Uno de los defectos de la religión tradicional es su individualismo, y este defecto pertenece también a la moralidad asociada con ella. Tradicionalmente, la vida religiosa era, por así decirlo, un diálogo entre el alma y Dios. Obedecer la voluntad de Dios era virtud; y esto era posible para el individuo sin tener en cuenta el estado de la comunidad. Las sectas protestantes desarrollaron la idea de «hallar la salvación» pero ella estuvo siempre presente en la enseñanza cristiana. Este individualismo del alma tuvo su valor en ciertas fases de la historia, pero en el mundo moderno necesitamos más un concepto social del bien que un concepto individual. En el presente capítulo quiero considerar cómo esto afecta nuestro concepto de la vida buena.

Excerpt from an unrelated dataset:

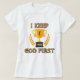 This woman's t-shirt showcases a unique bold print font with golden coloured letters navy blue outline displaying the phrase “I Keep God First” with a 1st place trophy plus a floral theme on each side in the centre displaying the name God in this faith based bible theme. This tee feature a relaxed fit for the female shape made from 100% cotton this shirt is both durable and soft which make a great combination.

El cristianismo surgió en el Imperio Romano entre poblaciones totalmente privadas de poder político, cuyos Estados nacionales habían sido destruidos y se habían unido formando un vasto conglomerado impersonal. Durante los tres primeros siglos de la era cristiana los individuos que adoptaron el cristianismo no pudieron alterar las instituciones sociales o políticas bajo las cuales vivían, aunque estaban profundamente convencidos de que eran malas. En esas circunstancias, era natural que adoptasen la creencia de que un individuo podía ser perfecto en un mundo imperfecto y que la vida buena no tiene nada que ver con este mundo. Lo que quiero decir se ve claramente comparándolo con la República de Platón. Cuando Platón quiso describir la vida buena describió una comunidad total, no un individuo; lo hizo con el fin de definir la justicia, que es un concepto esencialmente social. Estaba acostumbrado a la ciudadanía de una república, y la responsabilidad política era algo que daba por sentado. Con la pérdida de la libertad griega viene el estoicismo, que es semejante al cristianismo y, contrariamente a Platón, tiene un concepto individual de la vida buena.